*Aim of the exercise:*
From the line containing "- Latarka zamknięta" to the line containing "바이낸스 계정 연결이" in the entries below, reproduce every line exactly, ends included. Nothing else belongs in the copy, and no pictures.

*Extracted data entries:*

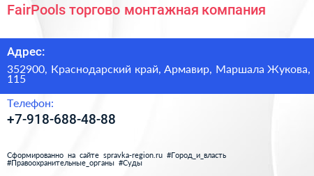 FairPools, торгово-монтажная компания по адресу 352900, Краснодарский край, Армавир, Маршала Жукова, 115 в дальнейшем Организация, размещена в следующих категориях:
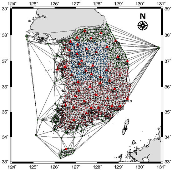 The nationwide geodetic network adjustment was conducted using the GAMIT/GLOBK software suite, referencing the International Terrestrial Reference Frame 2014 (ITRF2014) at the reference epoch of 2002.0. While this epoch coincides with that of Korea’s official geodetic datum (KGD2002), which is aligned with ITRF2000, the present study adopts a more recent and precise realization of the global reference system. All fixed CORS stations were referenced to ITRF2014 coordinates, ensuring enhanced positional consistency aligned with international geodetic standards.
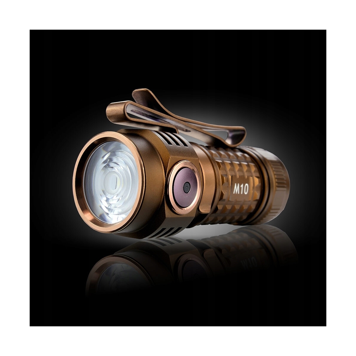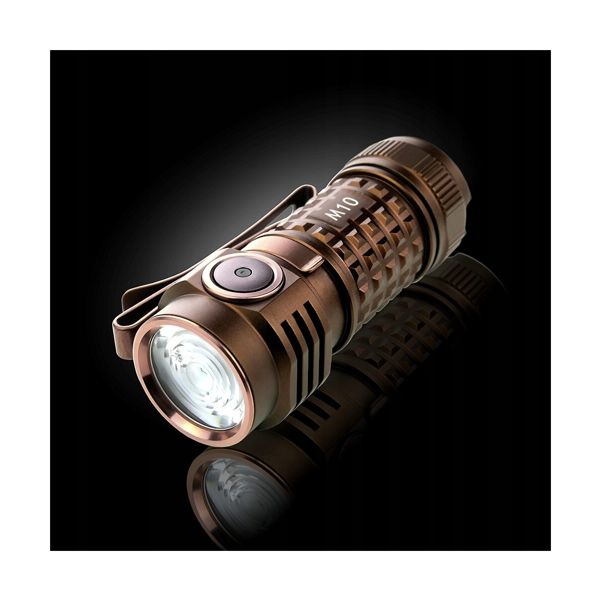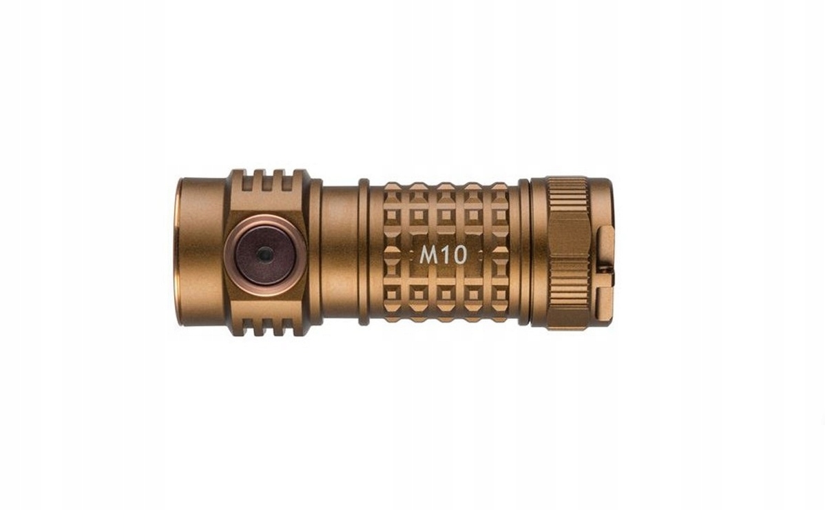 - Latarka zamknięta jest w eleganckiej, brązowej obudowie (coyote brown) z radełkowaniem poprawiającym chwyt brudnymi dłońmi lub w rękawicach.
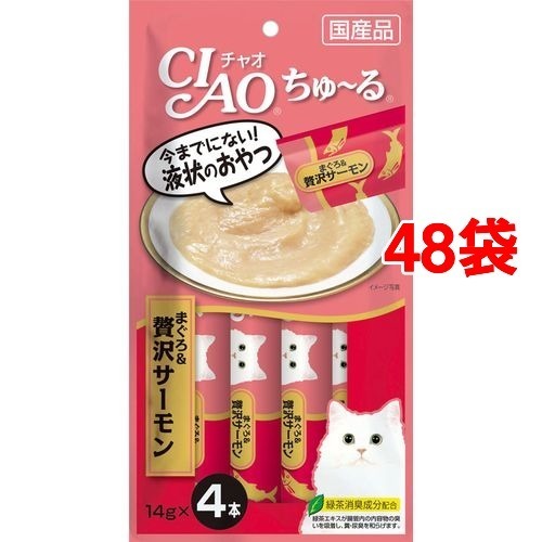 チャオ ちゅ〜る まぐろ&贅沢サーモン(4本入×48セット(1本14g))[猫のおやつ・サプリメント]
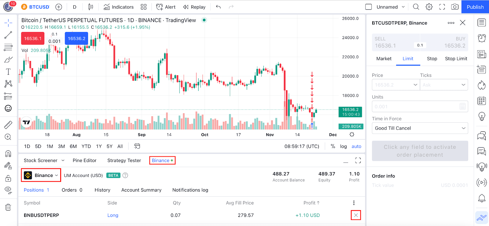 바이낸스 계정 연결이 완료되면 트레이딩뷰 인터페이스로 리디렉션됩니다. 현재는 USDⓈ 선물 계약만 사용할 수 있으며, 바이낸스에서 보유 중인 선물 포지션은 자동으로 트레이딩뷰 계정과 동기화됩니다.
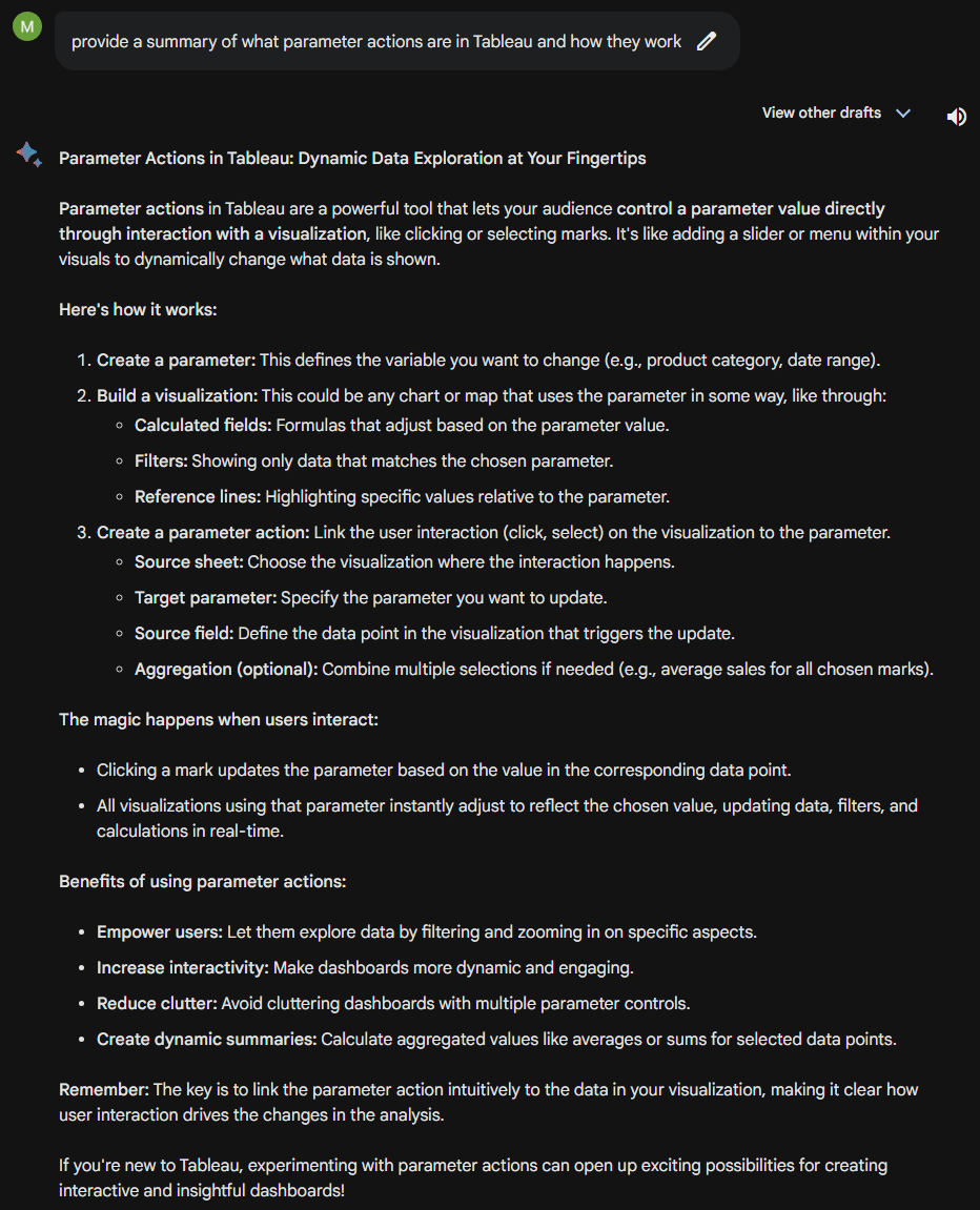 Like probably many of you reading this, I’ve used GPT/Bard to ask questions and often found the responses to be excellent, even for Tableau questions, which is a relatively niche topic. For example, as a test I gave Google Bard this prompt:
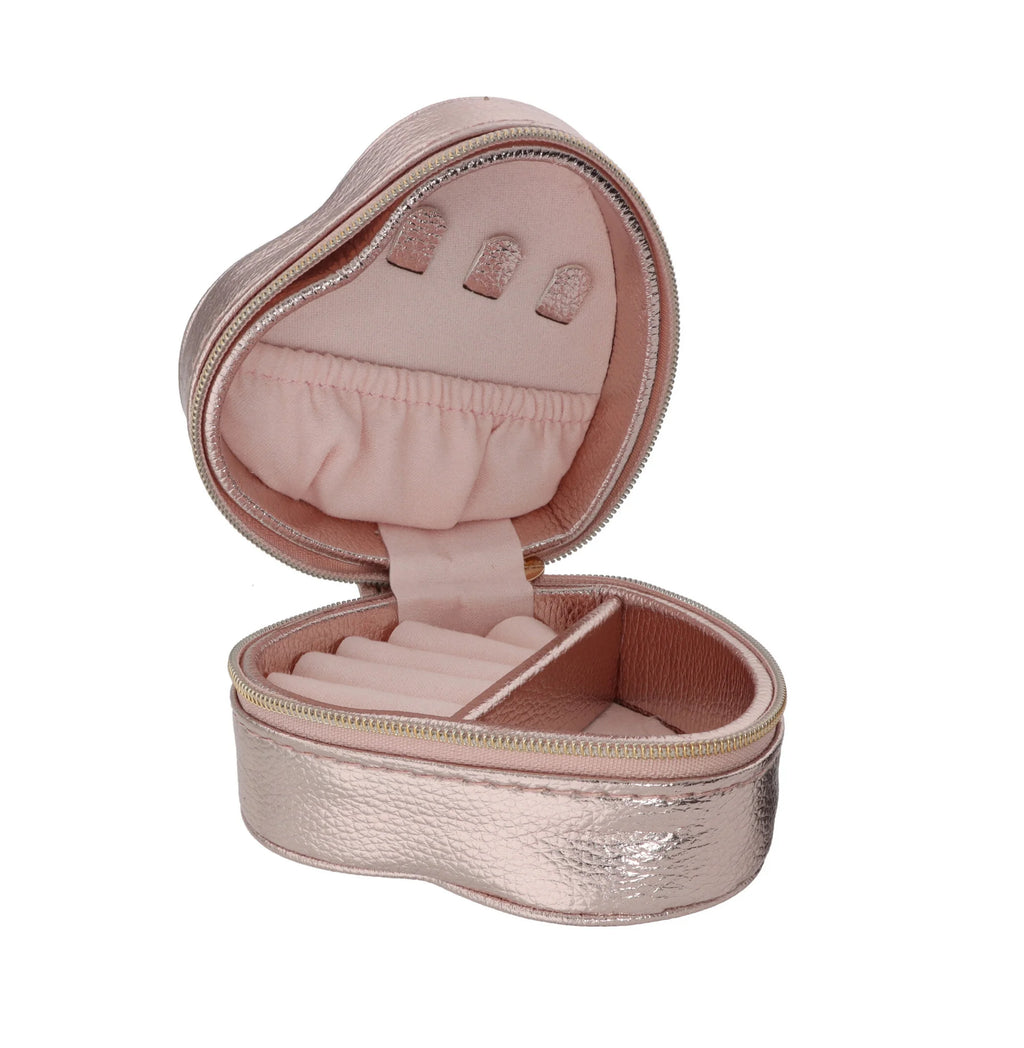 Elegante, compatto e irresistibilmente romantico. Questo porta gioie rosa metallico con zip è l’accessorio ideale da tenere sul comodino per custodire i tuoi gioielli più preziosi.
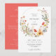 This elegant design features a delicate wreath of rustic watercolor wildflowers. Perfect for whimsical spring and summer weddings.

*Solution to this problem:*
 - Latarka zamknięta jest w eleganckiej, brązowej obudowie (coyote brown) z radełkowaniem poprawiającym chwyt brudnymi dłońmi lub w rękawicach.
 チャオ ちゅ〜る まぐろ&贅沢サーモン(4本入×48セット(1本14g))[猫のおやつ・サプリメント]
 바이낸스 계정 연결이 완료되면 트레이딩뷰 인터페이스로 리디렉션됩니다. 현재는 USDⓈ 선물 계약만 사용할 수 있으며, 바이낸스에서 보유 중인 선물 포지션은 자동으로 트레이딩뷰 계정과 동기화됩니다.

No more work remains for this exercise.